I'm currently running Mobil-1 75W-140 in my tranny with some additional EP and friction modifier (not the limited slip stuff) additive of my own specification (my company makes electric motors and gearboxes for spacecraft applications where lubrication is of paramount importance and has to work down to cryogenic temperatures).
The Mobil-1 75W-140 IMHO is fine as is for use in the tranny and is available at both Pep-Boys and Autozone for about $18/quart (one quart is enough for two changes). If you can find it, the Redline synthetic 75W-140 may even be a better choice (but not their "lightweight" stuff) since I know it uses a truly synthetic group-V base oil (the short scoop is that group-V oils are the best available).
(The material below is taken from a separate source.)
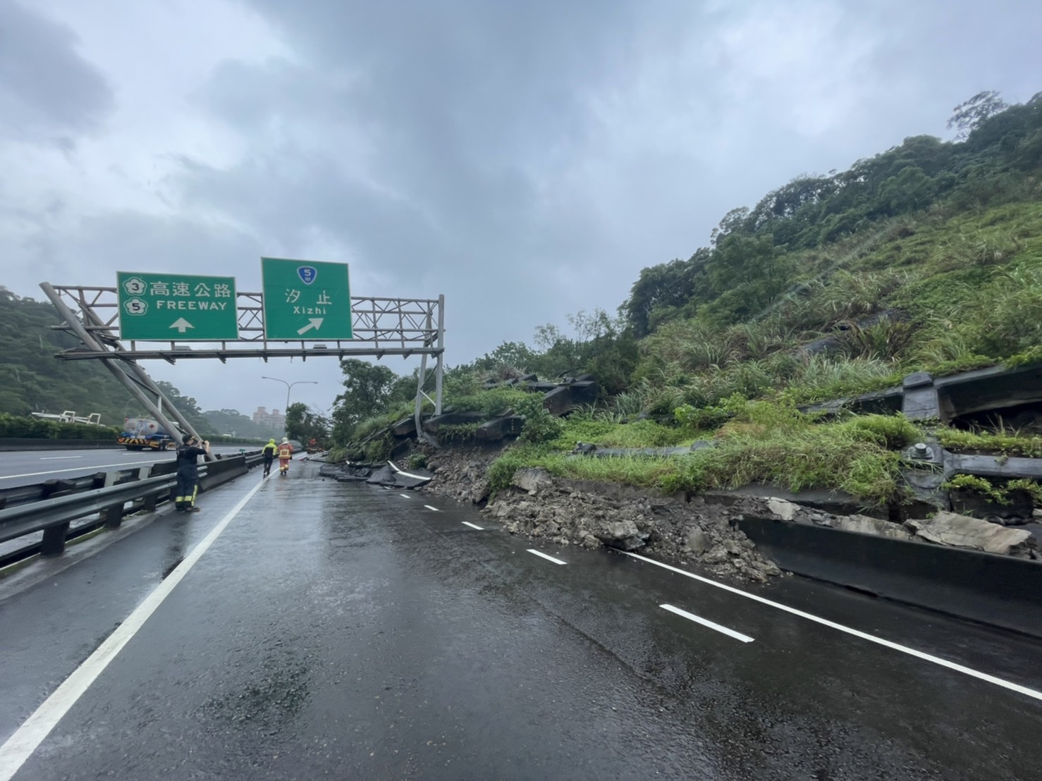 昨(1)日11時15分於國道1號南下10.2K處發生土石邊坡滑落,目前汐止交流道完全封閉,新北市政府消防局立刻出動8車29人前往搶救,所幸無人傷亡,請用路人提早改道。

Shaeffer oils also have a good reputation, but I don't know whether it's available in a xxW-140 weight. I never used Shaeffer personally.
Just as a side note, non-synthetic, dino-oil, group-III oils can be legally marketed as synthetic even though they're not. Mobil-1 lost their lawsuit against Castrol Syntec which wasn't true synthetic, just dino oil that functioned virtually as well as the synthetics commonly available at the time.
I don't know what the 75W-140 Mobil-1 uses as a base oil, but suspect it's group-IV or group-V based on the fact that the 75W-140 is twice the price as the Mobil-1 75W-90.
As far as Royal Purple is concerned, don't get me started. My opinion is that RP is over-rated, overpriced stuff. You can do better.
I need to say this, though... What I'm saying here is to the best of my knowledge technically accurate and doesn't put your tranny at risk. Can-Am (or the dopey service manager with zero lubrication acumen) may disagree if you run into a problem and ask why you didn't run XP-S chanicase lube as specifiied.